— RECORDS PROVIDED —
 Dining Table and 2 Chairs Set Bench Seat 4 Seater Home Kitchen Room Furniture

==

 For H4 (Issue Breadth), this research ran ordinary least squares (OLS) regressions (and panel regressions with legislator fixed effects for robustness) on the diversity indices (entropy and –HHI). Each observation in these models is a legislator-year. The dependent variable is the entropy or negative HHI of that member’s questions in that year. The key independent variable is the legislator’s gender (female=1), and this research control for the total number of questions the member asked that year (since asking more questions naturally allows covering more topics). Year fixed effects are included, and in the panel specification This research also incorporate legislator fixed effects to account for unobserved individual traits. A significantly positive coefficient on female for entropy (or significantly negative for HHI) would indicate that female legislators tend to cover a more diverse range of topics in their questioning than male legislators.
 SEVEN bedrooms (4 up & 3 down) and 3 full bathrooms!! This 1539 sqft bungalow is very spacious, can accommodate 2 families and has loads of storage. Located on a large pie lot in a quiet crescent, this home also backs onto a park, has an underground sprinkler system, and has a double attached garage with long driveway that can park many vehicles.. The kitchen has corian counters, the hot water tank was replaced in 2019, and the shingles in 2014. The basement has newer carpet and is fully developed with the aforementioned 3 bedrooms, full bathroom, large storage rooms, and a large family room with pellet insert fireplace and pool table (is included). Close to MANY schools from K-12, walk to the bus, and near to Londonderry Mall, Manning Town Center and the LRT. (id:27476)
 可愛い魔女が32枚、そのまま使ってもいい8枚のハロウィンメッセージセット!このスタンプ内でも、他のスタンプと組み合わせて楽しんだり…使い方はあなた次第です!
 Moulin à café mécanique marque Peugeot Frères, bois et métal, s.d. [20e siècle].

---

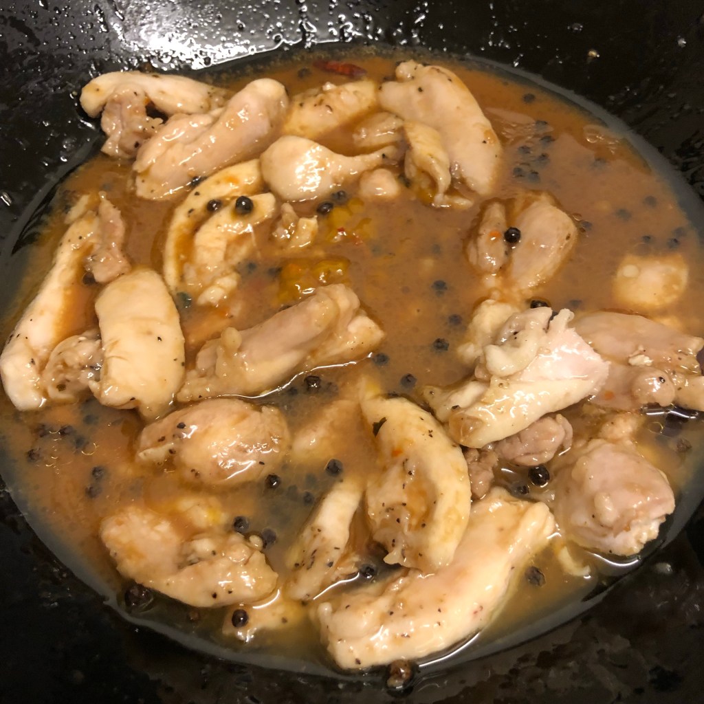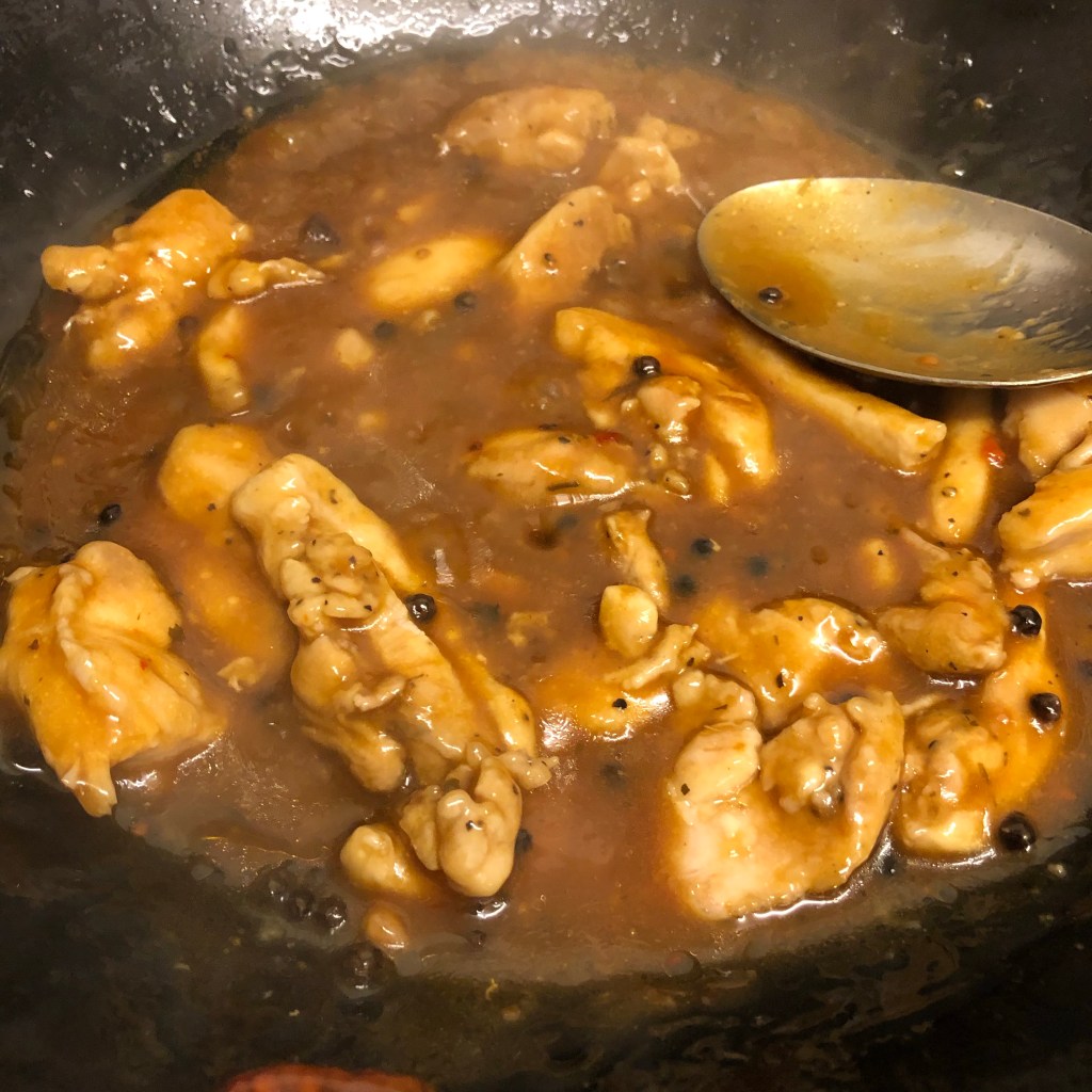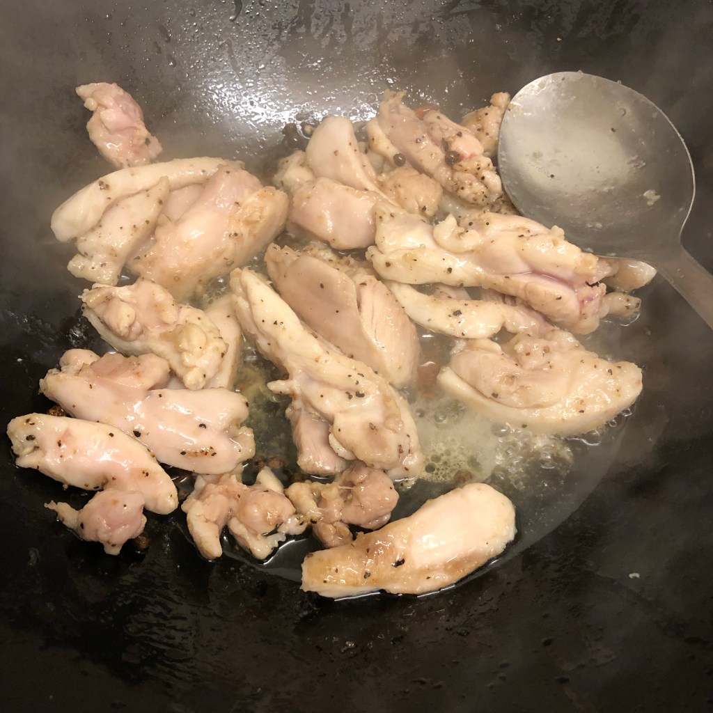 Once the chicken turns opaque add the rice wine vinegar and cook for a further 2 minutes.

— WORK INSTRUCTIONS —
Match on "included": copy every line in the records that has it.

— RESULT OF THE EXERCISE —
 For H4 (Issue Breadth), this research ran ordinary least squares (OLS) regressions (and panel regressions with legislator fixed effects for robustness) on the diversity indices (entropy and –HHI). Each observation in these models is a legislator-year. The dependent variable is the entropy or negative HHI of that member’s questions in that year. The key independent variable is the legislator’s gender (female=1), and this research control for the total number of questions the member asked that year (since asking more questions naturally allows covering more topics). Year fixed effects are included, and in the panel specification This research also incorporate legislator fixed effects to account for unobserved individual traits. A significantly positive coefficient on female for entropy (or significantly negative for HHI) would indicate that female legislators tend to cover a more diverse range of topics in their questioning than male legislators.
 SEVEN bedrooms (4 up & 3 down) and 3 full bathrooms!! This 1539 sqft bungalow is very spacious, can accommodate 2 families and has loads of storage. Located on a large pie lot in a quiet crescent, this home also backs onto a park, has an underground sprinkler system, and has a double attached garage with long driveway that can park many vehicles.. The kitchen has corian counters, the hot water tank was replaced in 2019, and the shingles in 2014. The basement has newer carpet and is fully developed with the aforementioned 3 bedrooms, full bathroom, large storage rooms, and a large family room with pellet insert fireplace and pool table (is included). Close to MANY schools from K-12, walk to the bus, and near to Londonderry Mall, Manning Town Center and the LRT. (id:27476)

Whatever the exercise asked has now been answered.